Stored data:
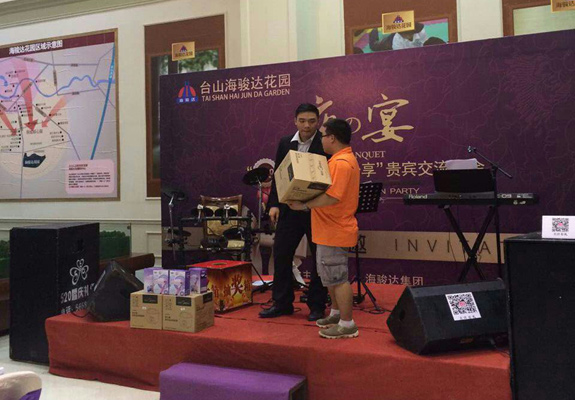 2014年11月,臺山海駿達花園舉辦了多場銀行專場自助晚宴。宴會吸引了眾多銀行VIP客戶到場,現場銷售人員對銀行VIP客戶熱情介紹項目信息,客戶紛紛對項目舉辦的晚宴活動表示滿意。
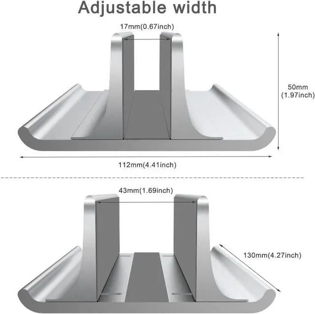 Adjustable Size for a Perfect Fit - This stand is designed to accommodate laptops with a thickness ranging from 0.55 inches to 1.69 inches. Simply tighten the screw to adjust the size ensuring a perfect and secure fit for your device. Space-Saving & Elegant Design - With its compact and sleek design this stand saves valuable desk space while enhancing your workspaces aesthetics. The anodized aluminum finish complements modern desk styles adding a touch of professionalism and sophistication to your setup. Package & Customer Support - The package includes 1 vertical laptop stand and 1 Allen key for easy adjustments.
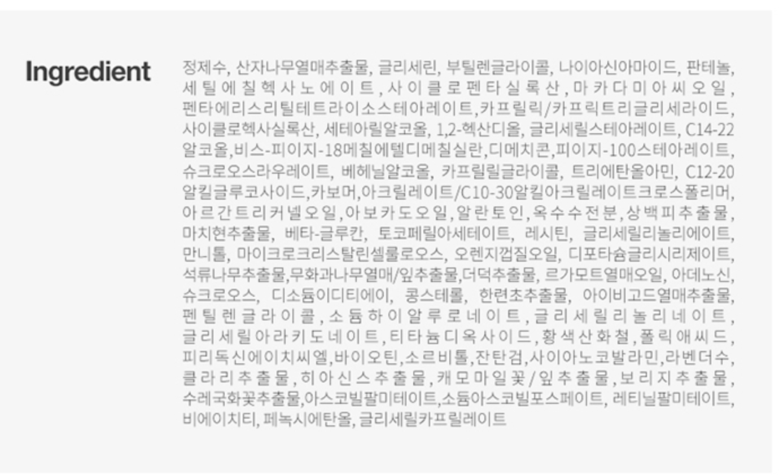 필수 표기정보 용량(중량) 상품 상세페이지 참조 제품 주요 사양 상품 상세페이지 참조 사용기한 또는 개봉 후 사용기간 상품 상세페이지 참조 사용방법 상품 상세페이지 참조 화장품제조업자…

What you are asked to do: Copy every line of the listing above exactly. Leave each picture out.

Response:
 2014年11月,臺山海駿達花園舉辦了多場銀行專場自助晚宴。宴會吸引了眾多銀行VIP客戶到場,現場銷售人員對銀行VIP客戶熱情介紹項目信息,客戶紛紛對項目舉辦的晚宴活動表示滿意。
 Adjustable Size for a Perfect Fit - This stand is designed to accommodate laptops with a thickness ranging from 0.55 inches to 1.69 inches. Simply tighten the screw to adjust the size ensuring a perfect and secure fit for your device. Space-Saving & Elegant Design - With its compact and sleek design this stand saves valuable desk space while enhancing your workspaces aesthetics. The anodized aluminum finish complements modern desk styles adding a touch of professionalism and sophistication to your setup. Package & Customer Support - The package includes 1 vertical laptop stand and 1 Allen key for easy adjustments.
 필수 표기정보 용량(중량) 상품 상세페이지 참조 제품 주요 사양 상품 상세페이지 참조 사용기한 또는 개봉 후 사용기간 상품 상세페이지 참조 사용방법 상품 상세페이지 참조 화장품제조업자…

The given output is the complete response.